Sales and other revenue increased 1.2 percent to $13.8 billion for the fourth quarter of 2012, due to higher gift and prepaid card sales and a 0.8 percent increase in identical-store sales, excluding fuel, partly offset by the disposition of the Genuardi's stores. Safeway's fiscal year 2011 ended on Dec. 31, 2011, and therefore captured New Year's holiday sales. Safeway's fiscal year 2012 ended on Dec. 29, 2012, and therefore did not.
In January 2012, Safeway announced the planned sale or closure of its Genuardi's stores located in the eastern United States. In the fourth quarter of 2012, these transactions were completed with a pre-tax loss of $15.8 million ($9.6 million, after tax). For the year, the sale and closure of Genuardi's stores generated cash proceeds of $107 million and a pre-tax gain of $52.4 million ($31.9 million after tax).
Sales for the year increased 1.3 percent to $44.2 billion in 2012 from $43.6 billion in 2011. This increase was primarily due to increased fuel sales, higher gift and prepaid card sales and an identical-store sales increase (excluding fuel) of 0.5 percent, partially offset by the disposition of the Genuardi's stores.

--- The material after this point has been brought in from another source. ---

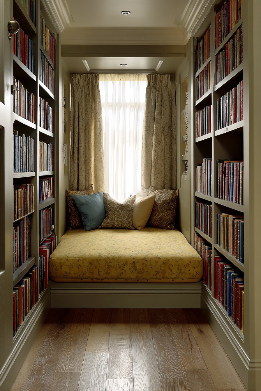 8. Cozy Reading Nook with Floor-to-Ceiling Book Storage Niches
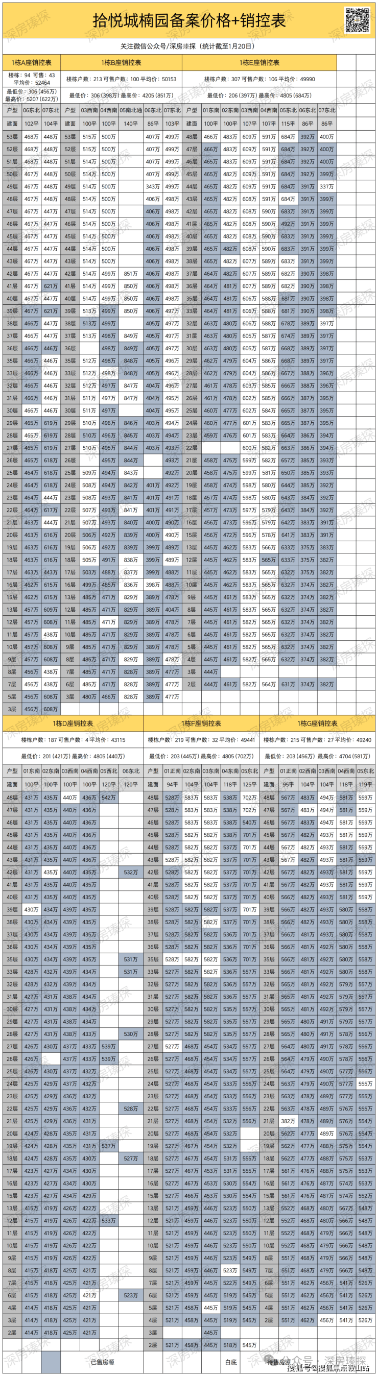 下面罗sir还特意做了份拾悦城楠园全套的备案价格+销控表,可以作为参考,如果想要具体的折后价格表以及后期最新的销控表,可以加罗sir微信联系。

Net income for fiscal 2012 increased to $596.5 million ($2.40 per share) from 2011’s $516.7 million ($1.49 per share). Income from continuing operations increased to $566.2 million ($2.27 per share) in 2012 from $518.2 million ($1.49 per share) in 2011. Net income in 2012 benefited from the $46.5 million gain ($28.4 million after tax, or 12 cents per diluted share) from legal settlements while net income in 2011 was reduced by the $98.9 million tax charge 29 cents per share from the Canadian dividend paid in the first half of 2011.
Safeway invested $240.4 million in capital expenditures in the fourth quarter of 2012, opening three new Lifestyle stores, completing two Lifestyle remodels and closing six stores. For the year, Safeway invested $927.6 million in capital expenditures, opened nine new Lifestyle stores, completed four Lifestyle remodels and closed 46 stores, including 25 Genuardi's stores sold or closed during the year.
Pleasanton, Calif.-based Safeway operates 1,641 stores in the United States and Canada.